### WHAT TO DO
The records follow. Filter them to the lines that hold "avec".

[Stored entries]

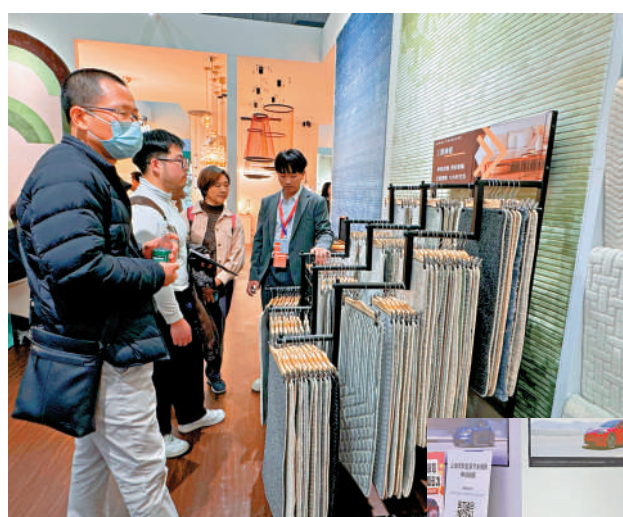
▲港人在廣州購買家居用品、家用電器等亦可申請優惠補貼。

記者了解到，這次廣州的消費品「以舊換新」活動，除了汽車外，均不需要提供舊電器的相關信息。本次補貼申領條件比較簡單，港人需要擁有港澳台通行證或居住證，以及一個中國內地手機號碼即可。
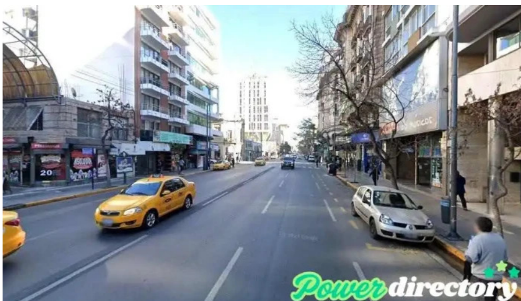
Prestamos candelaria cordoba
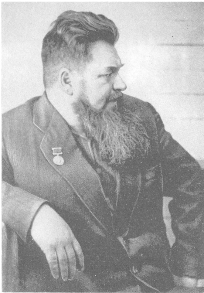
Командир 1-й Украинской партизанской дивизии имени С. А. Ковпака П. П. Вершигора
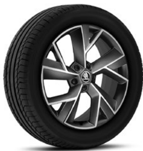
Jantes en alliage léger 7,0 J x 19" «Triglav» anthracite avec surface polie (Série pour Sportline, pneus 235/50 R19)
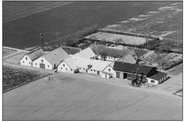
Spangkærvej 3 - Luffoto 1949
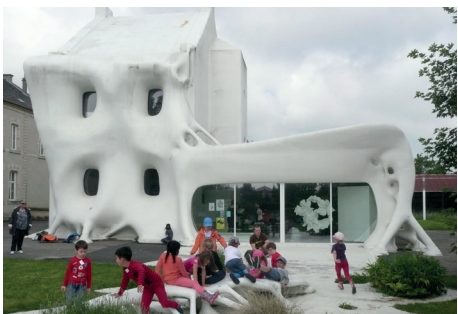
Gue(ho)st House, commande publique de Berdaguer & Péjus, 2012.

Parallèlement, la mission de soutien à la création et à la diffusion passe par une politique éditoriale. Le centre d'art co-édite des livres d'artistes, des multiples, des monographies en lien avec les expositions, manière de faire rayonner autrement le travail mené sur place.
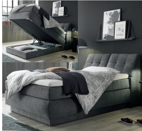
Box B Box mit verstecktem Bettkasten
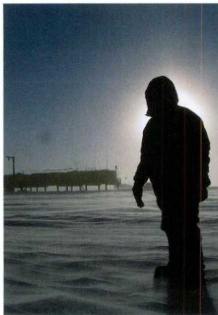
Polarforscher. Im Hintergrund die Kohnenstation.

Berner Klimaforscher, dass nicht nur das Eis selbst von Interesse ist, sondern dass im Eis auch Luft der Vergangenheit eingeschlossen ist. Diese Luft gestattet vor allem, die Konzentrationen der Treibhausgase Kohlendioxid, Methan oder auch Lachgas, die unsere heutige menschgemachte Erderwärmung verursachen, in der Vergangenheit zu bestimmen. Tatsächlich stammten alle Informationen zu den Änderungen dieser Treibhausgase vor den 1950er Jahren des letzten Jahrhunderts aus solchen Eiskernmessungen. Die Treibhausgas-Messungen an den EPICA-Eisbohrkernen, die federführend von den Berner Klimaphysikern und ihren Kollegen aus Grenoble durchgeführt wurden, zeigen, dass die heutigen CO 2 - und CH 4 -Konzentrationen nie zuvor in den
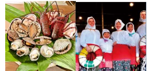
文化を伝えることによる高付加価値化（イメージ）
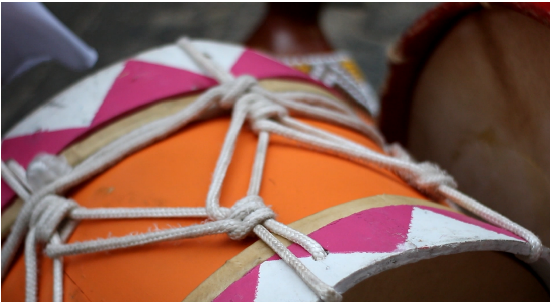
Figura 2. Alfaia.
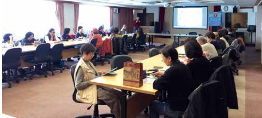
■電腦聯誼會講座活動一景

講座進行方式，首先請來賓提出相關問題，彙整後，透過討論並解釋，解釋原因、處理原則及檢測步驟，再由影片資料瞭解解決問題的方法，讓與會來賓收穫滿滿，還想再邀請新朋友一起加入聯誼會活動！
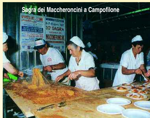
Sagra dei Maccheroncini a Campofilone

### TASK ANSWER
Jantes en alliage léger 7,0 J x 19" «Triglav» anthracite avec surface polie (Série pour Sportline, pneus 235/50 R19)
Parallèlement, la mission de soutien à la création et à la diffusion passe par une politique éditoriale. Le centre d'art co-édite des livres d'artistes, des multiples, des monographies en lien avec les expositions, manière de faire rayonner autrement le travail mené sur place.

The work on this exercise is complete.